You are viewing a plain text version of this content. The canonical link for it is here.
Posted to java-user@lucene.apache.org by Koji Sekiguchi <ko...@r.email.ne.jp> on 2010/05/01 05:18:11 UTC

FieldCache memory estimation - term values are interned?

Hello,

Are Strings that are got via FieldCache.DEFAULT.getStrings( reader,
field ) interned?

Since I have a requirement for having FieldCaches of some
fields in 250M docs index, I'd like to estimate memory
consumed by FieldCache.

By looking at FieldCacheImpl source code, it seems that
field names are interned, but values are not?

Than you,

Koji

-- 
http://www.rondhuit.com/en/


---------------------------------------------------------------------
To unsubscribe, e-mail: java-user-unsubscribe@lucene.apache.org
For additional commands, e-mail: java-user-help@lucene.apache.org


Re: FieldCache memory estimation - term values are interned?

Posted by Koji Sekiguchi <ko...@r.email.ne.jp>.
Yonik Seeley wrote:
> On Sat, May 1, 2010 at 8:23 PM, Koji Sekiguchi <ko...@r.email.ne.jp> wrote:
>   
>> Yonik Seeley wrote:
>>     
>>> Values are not interned, but in a single field cache entry (String[])
>>> the same String object is used for all docs with that same value.
>>>       
>> Yeah, you are right.
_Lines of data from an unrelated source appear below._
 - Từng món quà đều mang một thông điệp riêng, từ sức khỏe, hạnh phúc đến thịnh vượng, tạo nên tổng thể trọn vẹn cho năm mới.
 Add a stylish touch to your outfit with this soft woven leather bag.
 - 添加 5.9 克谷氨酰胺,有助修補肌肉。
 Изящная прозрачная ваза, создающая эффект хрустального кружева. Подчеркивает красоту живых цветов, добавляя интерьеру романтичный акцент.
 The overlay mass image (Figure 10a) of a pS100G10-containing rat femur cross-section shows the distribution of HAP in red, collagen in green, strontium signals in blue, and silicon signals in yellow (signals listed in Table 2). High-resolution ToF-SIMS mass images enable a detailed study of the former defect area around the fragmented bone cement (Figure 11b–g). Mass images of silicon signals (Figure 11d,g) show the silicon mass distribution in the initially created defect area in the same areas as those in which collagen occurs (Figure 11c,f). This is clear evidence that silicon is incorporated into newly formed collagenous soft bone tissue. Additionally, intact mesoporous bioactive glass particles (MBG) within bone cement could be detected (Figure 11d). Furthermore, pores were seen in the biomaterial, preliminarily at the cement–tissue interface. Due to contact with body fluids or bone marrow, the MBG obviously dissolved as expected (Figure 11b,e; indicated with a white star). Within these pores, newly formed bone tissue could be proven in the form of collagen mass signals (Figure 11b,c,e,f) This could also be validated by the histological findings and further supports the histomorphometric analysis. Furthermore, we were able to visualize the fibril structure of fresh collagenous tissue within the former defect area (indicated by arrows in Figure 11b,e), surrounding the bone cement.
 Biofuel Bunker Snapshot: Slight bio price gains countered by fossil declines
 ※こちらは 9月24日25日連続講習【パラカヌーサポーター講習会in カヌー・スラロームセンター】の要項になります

Because I could see the arbitrary two Strings that have
>> same value were identical (== is true) in String[] gotten by getStrings()
>> but
>> I coudn't see explicit intern() for them, I asked. Can you elaborate who
>> done it?
>>     
>
> FieldCacheImpl:675 on trunk.
>
> For every term, a string value in constructed... then TermDocs (now
> DocsEnum in trunk) steps over every doc with that value and sets the
> same value.
>
>   
Uh, I looked that code but I didn't wise up.
Thank you very much for taking your time!

Koji

-- 
http://www.rondhuit.com/en/


---------------------------------------------------------------------
To unsubscribe, e-mail: java-user-unsubscribe@lucene.apache.org
For additional commands, e-mail: java-user-help@lucene.apache.org


Re: FieldCache memory estimation - term values are interned?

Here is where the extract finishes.